For now, the Brazilian financial sector is in a holding pattern, anxiously awaiting further guidance from both Brasília and Washington. The recent stock market rout is a stark reminder of how interconnected—and fragile—the global financial system has become. A single sanctions designation in Washington can send shockwaves across continents, wiping billions off market capitalizations and throwing business plans into disarray.
Yet, as one executive’s rhetorical question suggests, the real test may come if and when US and Brazilian authorities issue directly contradictory orders.
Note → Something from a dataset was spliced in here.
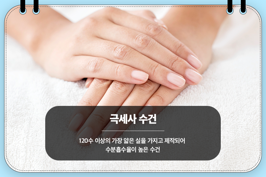 120수 이상의 얇은 실로 제작하는 극세사 수건의 수분 흡수율은 일반적인 수건의 2~5배 이상이라고 합니다. 이러한 높은 수분 흡수율을 자랑하며 운동 타월이나 세차용 수건으로도 사용되는 극세사 수건은 머리카락의 100분의 1보다 얇은 실로 제작되는데요, 섬유조직이 매우 촘촘하여 피부질환이나 비염 환자에게 도움이 될 수 있습니다. 그러나 제작 과정의 특성상, 내구성이 다소 약하다는 단점도 있어 일반 가정보다는 고급 호텔과 같은 곳에서 많이 사용된다고 합니다.

Will Brazilian banks risk US wrath by refusing to comply with OFAC? Or will they defy their own courts and government, potentially inviting domestic legal action? It’s a scenario that no one in the financial sector relishes, but one that seems increasingly plausible given the current trajectory.
The coming weeks and months will likely see intense lobbying, legal wrangling, and perhaps even diplomatic negotiations as Brazil’s financial sector seeks a way through the thicket of international sanctions law. For now, all eyes are on the STF and the US Treasury, as bankers, investors, and regulators alike try to chart a course through these uncertain waters.
No one knows exactly how this standoff will play out, but one thing is certain: the era when Brazilian banks could ignore US sanctions as a distant problem is over. The world is watching, and the stakes—for Brazil’s economy and its place in the global financial system—could hardly be higher.